Hahaha, sighhhh...I texted him to no response. It's a shame, really...I would gladly exchange my body for pizza rills.
Just tried calling my phone on my phone because i thought i lost my phone.
Reach down the front of your pants and feel around for a while. When you find your balls, leave the library and meet me at the bar.
i just found out that washing ur bong in the dishwasher works. its been a productive day
She asked me to facebook all the girls I'd hooked up with. She started crying when I started my search with A.
Is there a word for someone who only has sex with NFL prospects?
Yeah like 200 white people came and they are playing that one Biggie Smalls song everyone knows.
Why the hell did you invite him? He's gonna bring two more inches of dick and zero fun.

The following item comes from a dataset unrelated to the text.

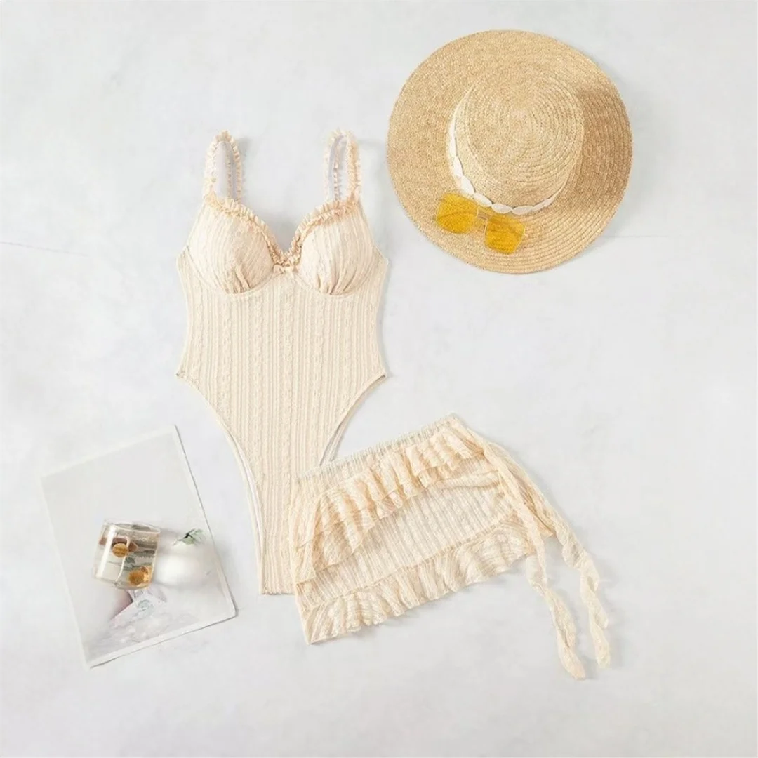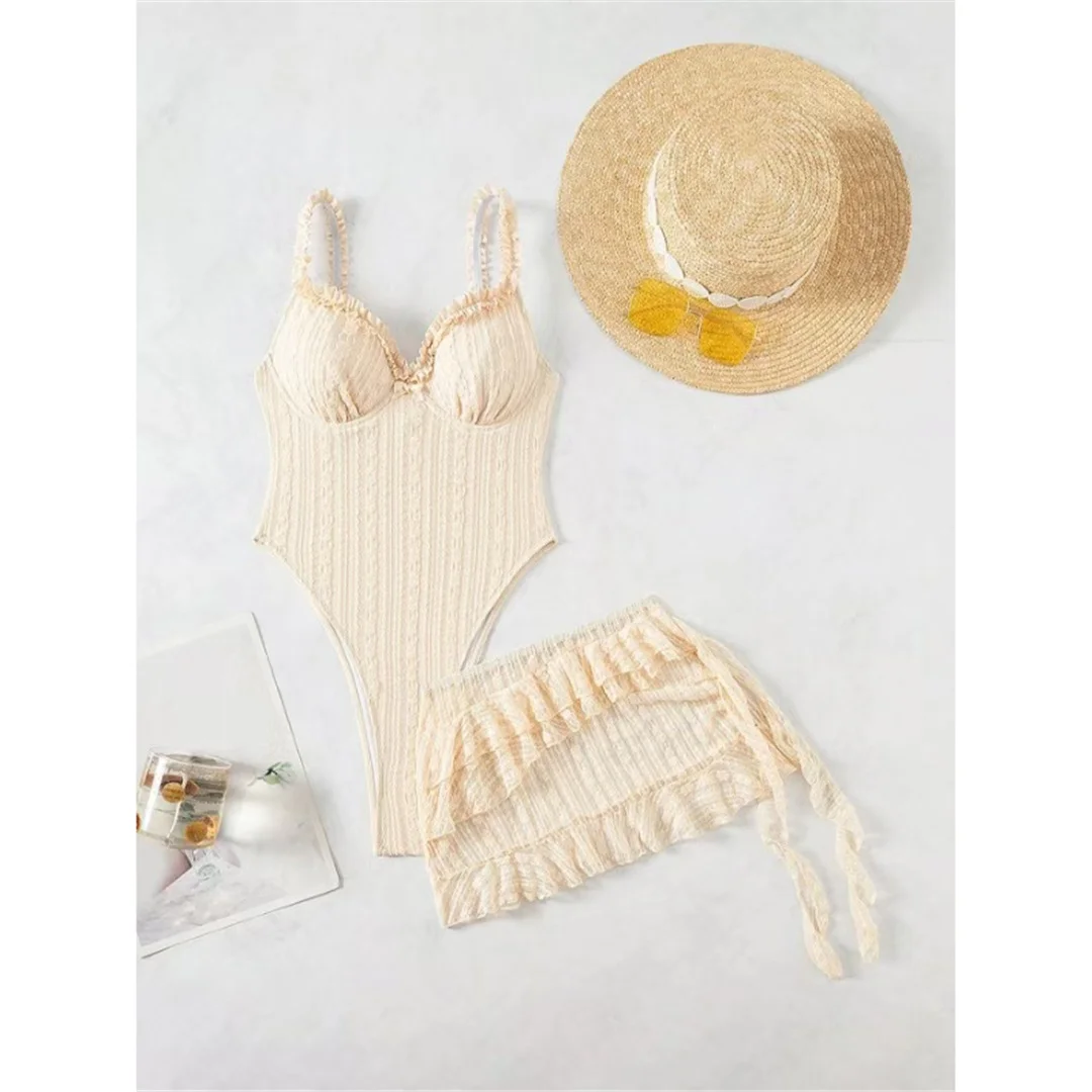 S – XL With Skirt Frilled Underwired One Piece Swimsuit Women Swimwear Female Mini Micro Thong Bather Bathing Suit Swim V7326

I'll ask around, all of my friends have girlfriends now for the most part though so they're all dead inside
In the store looking for it now. They put the theatre/script section right next to the gay erotica section. Rude. Practical, but rude.
We had sex with a sexual harassment video playing in the background before his gf got there. I've hit a new low
I'm not gonna ask the guy I've fucked like 3 times if he is insecure about his eyebrows.
I'M TOO HORNY FOR GRAMMAR!!!
RUDE you're the one missing half a nipple...
IT HEALED AND GREW BACK TO BE A FULL HEALTHY NIPPLE OKAY
all I want for my birthday is booze and sex toys. don't bother calling if neither of those are included.